A Prefeitura de Divinópolis está sob investigação do Ministério Público de Minas Gerais (MPMG) devido a suspeitas de fraude em contratos que totalizam mais de R$ 37 milhões. A apuração começou após denúncias de que empresas prestadoras de serviço estavam recebendo tratamento diferenciado na Secretaria Municipal de Operações e Serviços Urbanos (Semsur).
A operação do MPMG também investiga o pagamento de propina que pode chegar a R$ 2 milhões. Quatro pessoas foram presas, incluindo dois empresários e dois servidores. As informações foram apresentadas em coletiva de imprensa realizada na quinta-feira (12), com a participação do assessor especial de Governo, Fernando Henrique, e do secretário de Governo, Matheus Tavares.
Fernando Henrique afirmou que as suspeitas surgiram a partir de relatos de cidadãos e servidores da própria secretaria ao gabinete do prefeito. “Algumas pessoas e também alguns servidores procuraram o gabinete do prefeito e relataram que algumas irregularidades, algumas coisas estranhas estavam acontecendo”, disse.

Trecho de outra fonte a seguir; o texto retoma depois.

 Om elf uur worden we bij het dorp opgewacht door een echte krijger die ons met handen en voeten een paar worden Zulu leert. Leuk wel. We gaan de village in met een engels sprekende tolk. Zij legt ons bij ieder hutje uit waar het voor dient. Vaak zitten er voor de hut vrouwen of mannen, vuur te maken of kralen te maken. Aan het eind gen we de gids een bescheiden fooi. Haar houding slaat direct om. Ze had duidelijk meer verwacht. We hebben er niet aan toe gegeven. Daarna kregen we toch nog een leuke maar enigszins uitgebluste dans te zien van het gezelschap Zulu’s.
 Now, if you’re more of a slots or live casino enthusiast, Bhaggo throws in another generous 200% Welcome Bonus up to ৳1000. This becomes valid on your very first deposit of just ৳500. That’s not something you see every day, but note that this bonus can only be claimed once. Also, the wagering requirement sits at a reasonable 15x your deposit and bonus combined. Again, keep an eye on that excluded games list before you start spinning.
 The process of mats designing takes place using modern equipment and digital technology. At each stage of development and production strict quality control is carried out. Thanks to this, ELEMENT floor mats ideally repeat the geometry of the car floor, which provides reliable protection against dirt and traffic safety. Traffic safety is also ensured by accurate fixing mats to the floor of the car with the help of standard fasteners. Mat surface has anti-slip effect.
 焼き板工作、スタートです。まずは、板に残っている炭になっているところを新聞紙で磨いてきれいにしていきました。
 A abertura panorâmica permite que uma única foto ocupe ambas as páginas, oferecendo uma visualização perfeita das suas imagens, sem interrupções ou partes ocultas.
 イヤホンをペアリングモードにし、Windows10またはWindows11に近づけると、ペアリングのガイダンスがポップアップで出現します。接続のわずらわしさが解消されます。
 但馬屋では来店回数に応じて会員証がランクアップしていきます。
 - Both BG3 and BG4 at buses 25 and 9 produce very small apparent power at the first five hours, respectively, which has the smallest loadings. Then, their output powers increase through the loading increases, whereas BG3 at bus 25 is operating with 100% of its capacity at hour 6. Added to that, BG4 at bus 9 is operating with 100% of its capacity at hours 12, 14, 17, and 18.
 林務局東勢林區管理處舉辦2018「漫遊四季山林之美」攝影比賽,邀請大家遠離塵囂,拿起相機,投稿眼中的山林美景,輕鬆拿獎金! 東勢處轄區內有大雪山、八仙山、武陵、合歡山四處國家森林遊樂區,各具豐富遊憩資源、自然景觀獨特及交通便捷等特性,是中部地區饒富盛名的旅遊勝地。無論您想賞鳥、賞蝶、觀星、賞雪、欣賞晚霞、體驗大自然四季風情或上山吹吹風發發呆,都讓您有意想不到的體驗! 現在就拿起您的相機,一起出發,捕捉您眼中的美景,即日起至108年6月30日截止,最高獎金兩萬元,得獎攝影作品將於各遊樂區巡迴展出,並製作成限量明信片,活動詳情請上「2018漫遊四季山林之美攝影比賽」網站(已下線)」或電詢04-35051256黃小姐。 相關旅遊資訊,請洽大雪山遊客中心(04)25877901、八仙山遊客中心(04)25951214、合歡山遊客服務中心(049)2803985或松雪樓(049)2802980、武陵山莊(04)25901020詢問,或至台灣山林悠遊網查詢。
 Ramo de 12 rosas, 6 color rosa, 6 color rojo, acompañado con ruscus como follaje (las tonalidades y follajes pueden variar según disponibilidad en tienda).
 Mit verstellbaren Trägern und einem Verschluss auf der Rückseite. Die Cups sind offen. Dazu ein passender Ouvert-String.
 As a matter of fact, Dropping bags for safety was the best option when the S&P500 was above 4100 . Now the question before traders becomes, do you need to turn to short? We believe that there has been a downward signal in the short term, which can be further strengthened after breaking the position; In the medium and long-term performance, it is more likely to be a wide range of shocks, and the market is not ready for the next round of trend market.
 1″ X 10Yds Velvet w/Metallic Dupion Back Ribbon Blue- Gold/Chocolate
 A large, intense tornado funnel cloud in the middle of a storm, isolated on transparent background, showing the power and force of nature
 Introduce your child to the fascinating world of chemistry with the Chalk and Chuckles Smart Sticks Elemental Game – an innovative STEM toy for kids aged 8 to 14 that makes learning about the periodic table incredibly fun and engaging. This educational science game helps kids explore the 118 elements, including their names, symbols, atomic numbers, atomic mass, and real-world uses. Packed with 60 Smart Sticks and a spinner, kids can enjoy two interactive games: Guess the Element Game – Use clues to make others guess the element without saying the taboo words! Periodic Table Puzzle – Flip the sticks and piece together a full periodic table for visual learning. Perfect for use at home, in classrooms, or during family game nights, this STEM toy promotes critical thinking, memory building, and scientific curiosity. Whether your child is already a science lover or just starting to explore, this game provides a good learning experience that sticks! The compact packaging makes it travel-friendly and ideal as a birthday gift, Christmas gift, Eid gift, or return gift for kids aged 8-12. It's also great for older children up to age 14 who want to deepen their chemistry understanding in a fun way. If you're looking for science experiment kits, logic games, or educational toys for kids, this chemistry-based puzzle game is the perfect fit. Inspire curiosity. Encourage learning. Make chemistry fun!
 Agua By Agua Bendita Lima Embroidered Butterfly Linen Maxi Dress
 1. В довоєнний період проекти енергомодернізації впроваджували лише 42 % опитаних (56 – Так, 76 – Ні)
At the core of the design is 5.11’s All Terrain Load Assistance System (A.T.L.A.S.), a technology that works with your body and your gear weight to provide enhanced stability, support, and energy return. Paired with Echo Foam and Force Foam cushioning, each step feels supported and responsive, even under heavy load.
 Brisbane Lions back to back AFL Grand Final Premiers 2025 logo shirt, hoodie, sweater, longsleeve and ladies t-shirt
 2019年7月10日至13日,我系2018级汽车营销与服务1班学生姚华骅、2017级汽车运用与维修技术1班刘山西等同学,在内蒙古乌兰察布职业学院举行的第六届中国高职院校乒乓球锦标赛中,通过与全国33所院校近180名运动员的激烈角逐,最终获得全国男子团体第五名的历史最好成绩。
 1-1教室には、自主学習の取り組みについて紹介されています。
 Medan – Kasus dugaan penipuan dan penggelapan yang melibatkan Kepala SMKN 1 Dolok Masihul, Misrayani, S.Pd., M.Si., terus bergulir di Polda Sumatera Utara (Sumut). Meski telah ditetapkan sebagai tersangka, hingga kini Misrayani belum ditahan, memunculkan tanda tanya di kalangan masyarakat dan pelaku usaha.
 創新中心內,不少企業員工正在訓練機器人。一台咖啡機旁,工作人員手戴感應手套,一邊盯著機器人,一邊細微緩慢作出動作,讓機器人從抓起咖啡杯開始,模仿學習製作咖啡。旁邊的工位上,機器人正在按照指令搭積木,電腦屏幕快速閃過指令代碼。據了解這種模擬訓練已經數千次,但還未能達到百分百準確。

As denúncias indicavam que algumas empresas prestadoras de serviços ao Município recebiam vantagens indevidas, como pagamentos por serviços não realizados. “O que estava sendo relatado era que algumas empresas tinham vantagens indevidas, recebiam por serviços que não eram prestados”, completou Fernando.
As investigações focam contratos de fornecimento e locação de máquinas e caminhões utilizados em serviços urbanos. Segundo a apuração, as empresas contratadas eram pagas por uma quantidade de serviço maior do que a efetivamente realizada. Fernando Henrique destacou que, embora os contratos fossem firmados legalmente, as irregularidades poderiam ocorrer na fase de execução.
Matheus Tavares, que assumiu a secretaria interinamente após a denúncia, explicou que a administração buscou garantir a continuidade dos serviços com transparência. Ele mencionou que, após assumir, foi realizado um levantamento dos serviços prestados e dos contratos existentes, resultando em uma economia de quase R$ 20 milhões no último ano.
Durante a coletiva, Tavares confirmou a exoneração de uma servidora comissionada após recomendação do MPMG. “Fui ao Ministério Público hoje à tarde e recebi a recomendação de exoneração dessa servidora específica”, afirmou.
A administração municipal também anunciou a abertura de procedimentos internos para investigar possíveis irregularidades administrativas. Um Processo Administrativo Disciplinar (PAD) será instaurado para apurar a conduta dos servidores efetivos envolvidos na investigação. A Controladoria do Município realizará uma análise administrativa dos contratos investigados.
A operação, chamada de Ghost Machine, visa desarticular uma associação criminosa suspeita de atuar em esquemas de corrupção e fraude em licitações. A investigação teve início em março de 2025, após denúncia formalizada pelo Gabinete do Prefeito, e conta com a participação do Grupo de Atuação Especial de Combate ao Crime Organizado (Gaeco) e das polícias Civil, Militar e Penal de Minas Gerais.